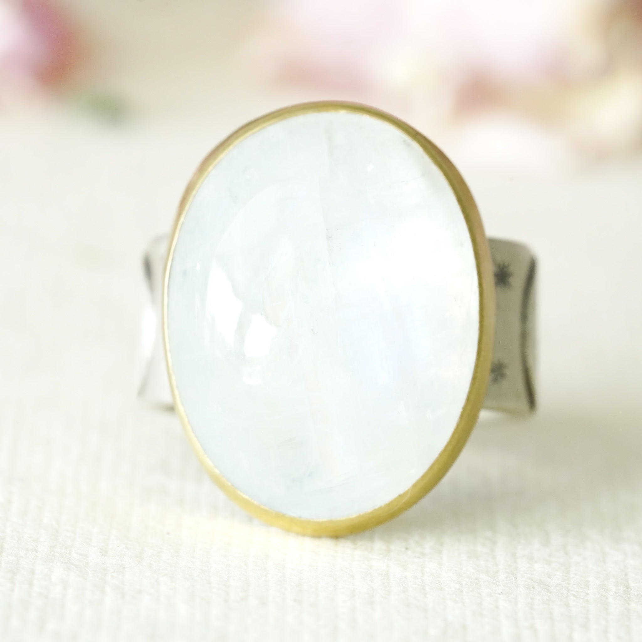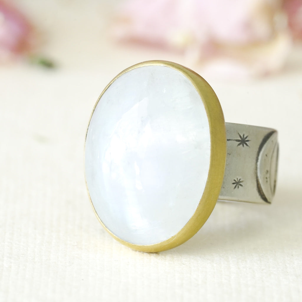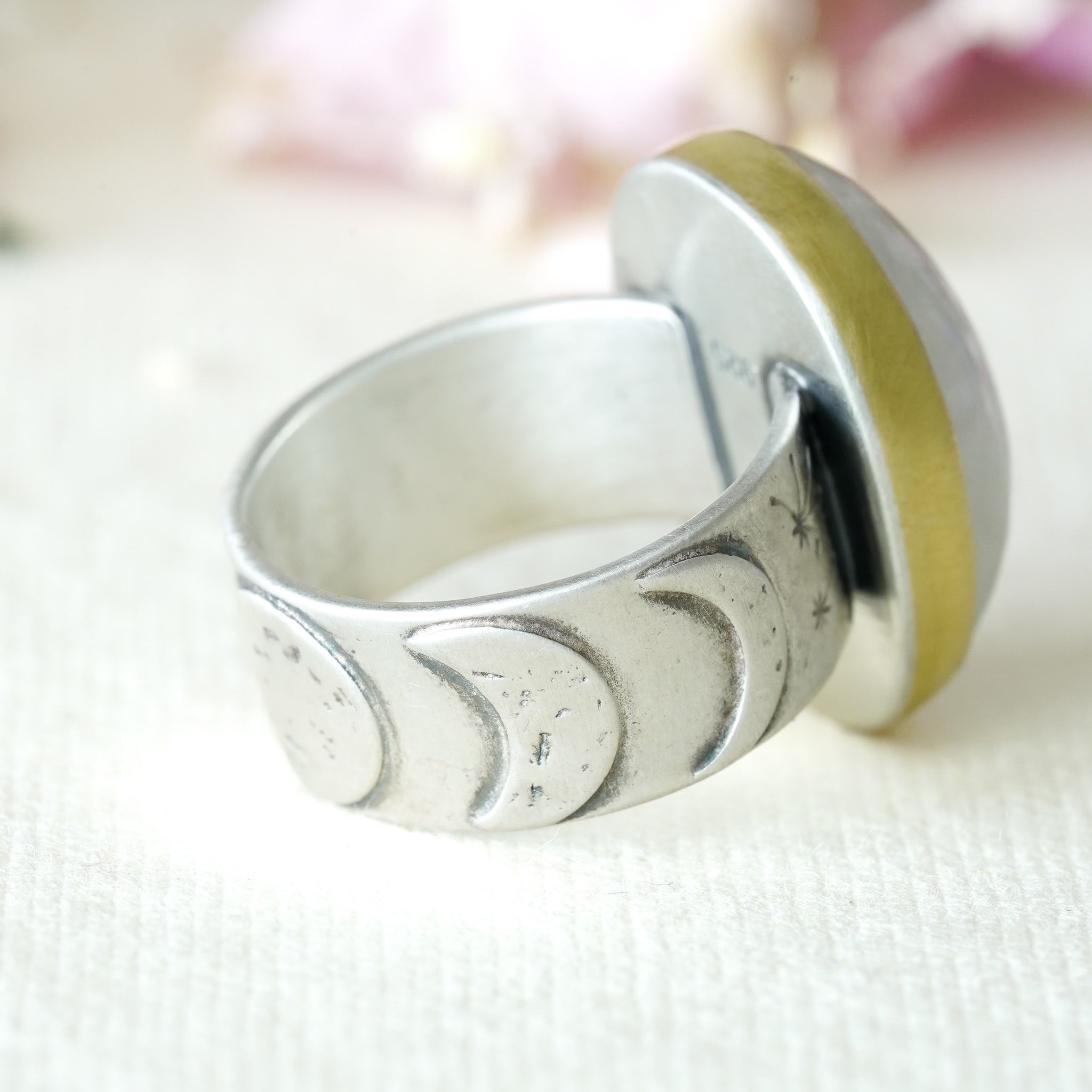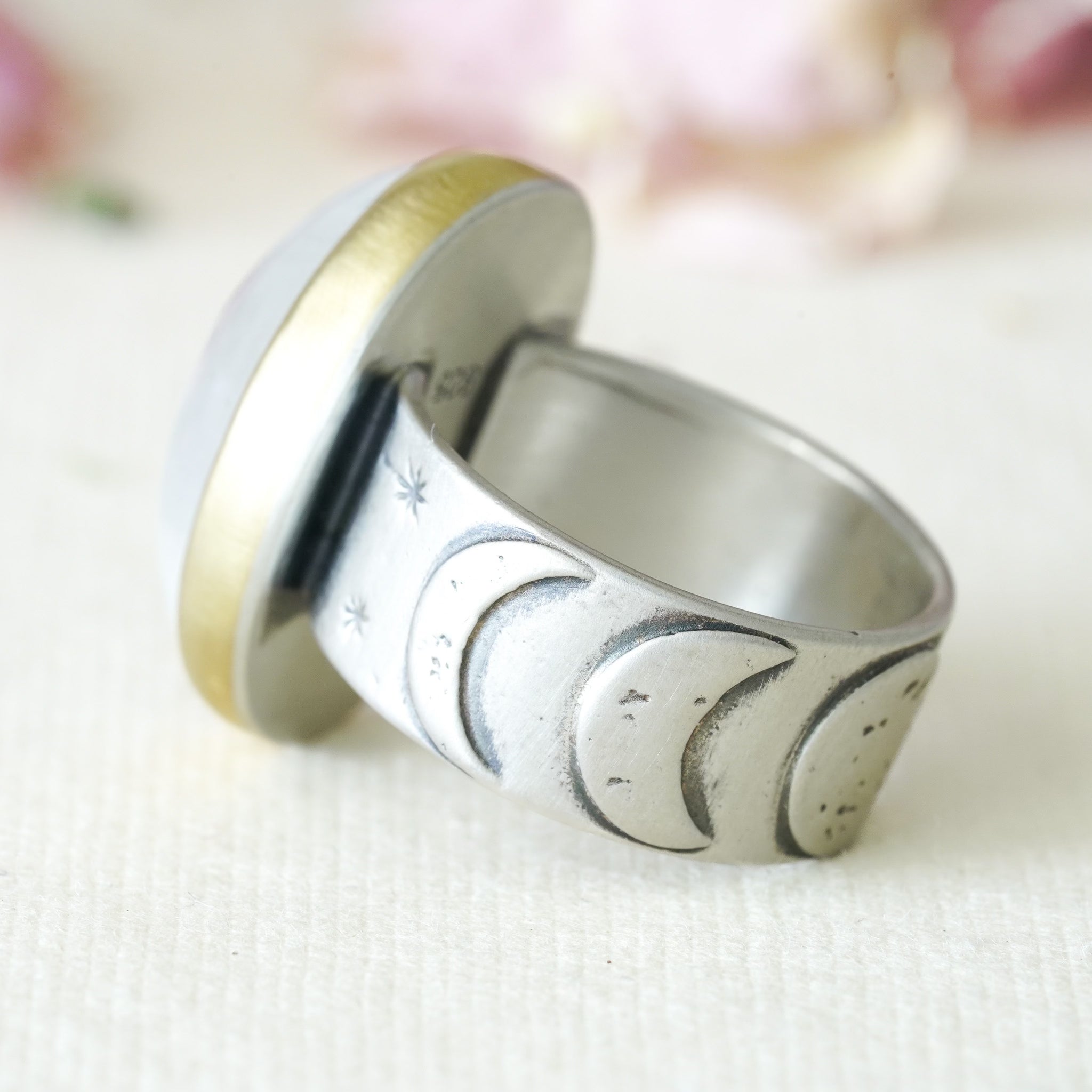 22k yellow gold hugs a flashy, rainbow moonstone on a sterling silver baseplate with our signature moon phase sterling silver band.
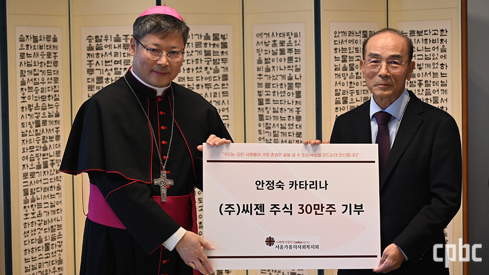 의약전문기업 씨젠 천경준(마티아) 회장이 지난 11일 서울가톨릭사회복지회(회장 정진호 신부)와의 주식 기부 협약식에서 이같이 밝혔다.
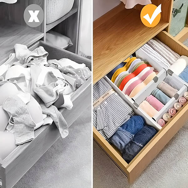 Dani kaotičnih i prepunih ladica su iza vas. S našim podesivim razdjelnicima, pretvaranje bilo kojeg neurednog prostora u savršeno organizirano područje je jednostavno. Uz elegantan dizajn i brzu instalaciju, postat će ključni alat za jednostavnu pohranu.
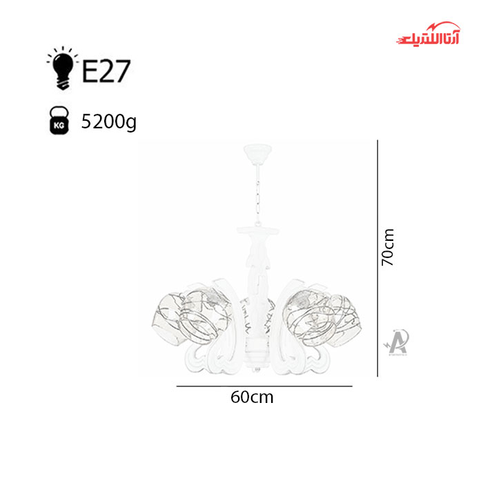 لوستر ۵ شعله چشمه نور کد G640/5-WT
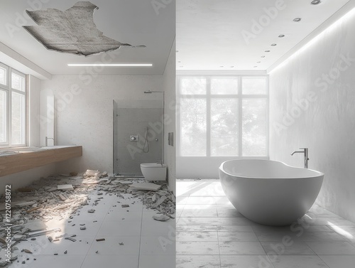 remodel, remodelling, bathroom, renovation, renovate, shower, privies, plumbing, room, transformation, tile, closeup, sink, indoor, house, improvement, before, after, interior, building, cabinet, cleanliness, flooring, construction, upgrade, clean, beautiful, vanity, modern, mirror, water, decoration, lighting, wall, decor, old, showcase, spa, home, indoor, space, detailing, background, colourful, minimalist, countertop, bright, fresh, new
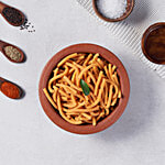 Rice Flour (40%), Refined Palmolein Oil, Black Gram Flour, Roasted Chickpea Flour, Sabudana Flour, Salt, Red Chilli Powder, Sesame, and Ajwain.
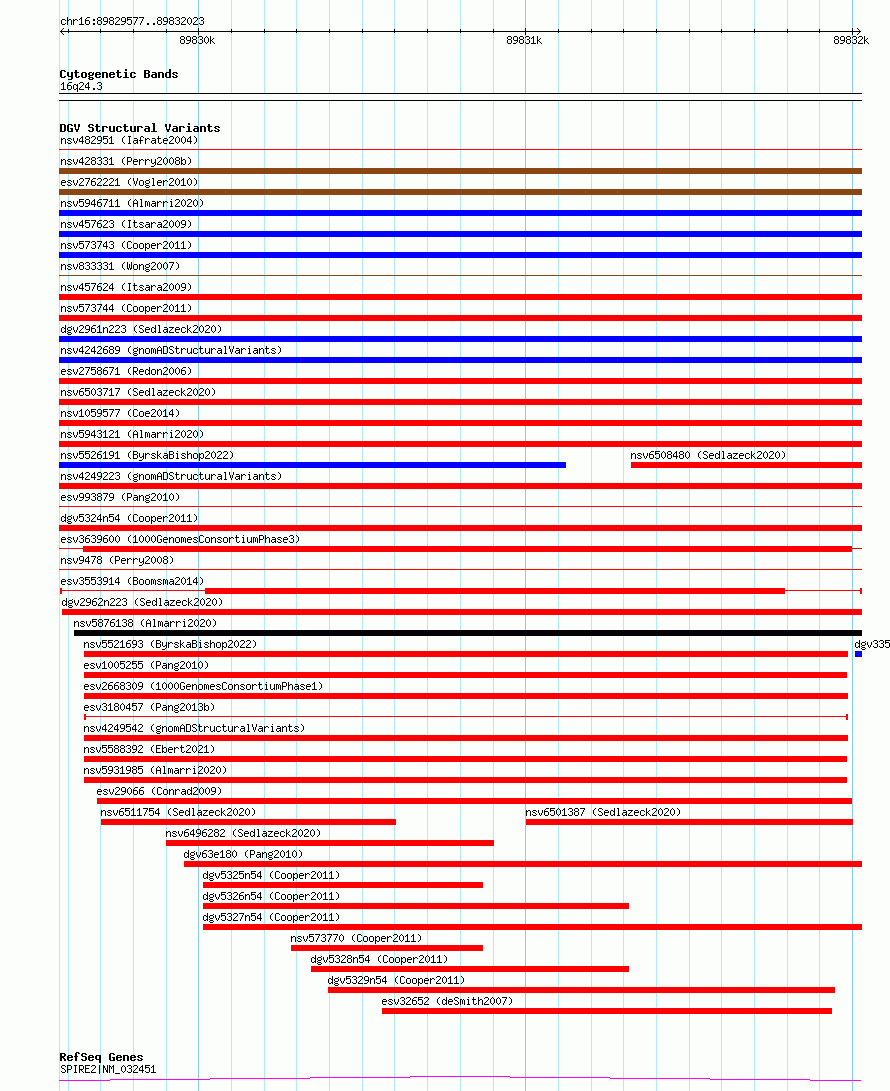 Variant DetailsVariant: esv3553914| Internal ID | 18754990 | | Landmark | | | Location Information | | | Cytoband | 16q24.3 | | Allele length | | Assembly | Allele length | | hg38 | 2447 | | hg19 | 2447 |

Work order - Leaving out the pictures, restate each line of the listing above verbatim, from the opening line to the line bearing "Rice Flour (40%), Refined", inclusive, and no more.

Worked solution -
 22k yellow gold hugs a flashy, rainbow moonstone on a sterling silver baseplate with our signature moon phase sterling silver band.
 의약전문기업 씨젠 천경준(마티아) 회장이 지난 11일 서울가톨릭사회복지회(회장 정진호 신부)와의 주식 기부 협약식에서 이같이 밝혔다.
 Dani kaotičnih i prepunih ladica su iza vas. S našim podesivim razdjelnicima, pretvaranje bilo kojeg neurednog prostora u savršeno organizirano područje je jednostavno. Uz elegantan dizajn i brzu instalaciju, postat će ključni alat za jednostavnu pohranu.
 لوستر ۵ شعله چشمه نور کد G640/5-WT
 remodel, remodelling, bathroom, renovation, renovate, shower, privies, plumbing, room, transformation, tile, closeup, sink, indoor, house, improvement, before, after, interior, building, cabinet, cleanliness, flooring, construction, upgrade, clean, beautiful, vanity, modern, mirror, water, decoration, lighting, wall, decor, old, showcase, spa, home, indoor, space, detailing, background, colourful, minimalist, countertop, bright, fresh, new
 Rice Flour (40%), Refined Palmolein Oil, Black Gram Flour, Roasted Chickpea Flour, Sabudana Flour, Salt, Red Chilli Powder, Sesame, and Ajwain.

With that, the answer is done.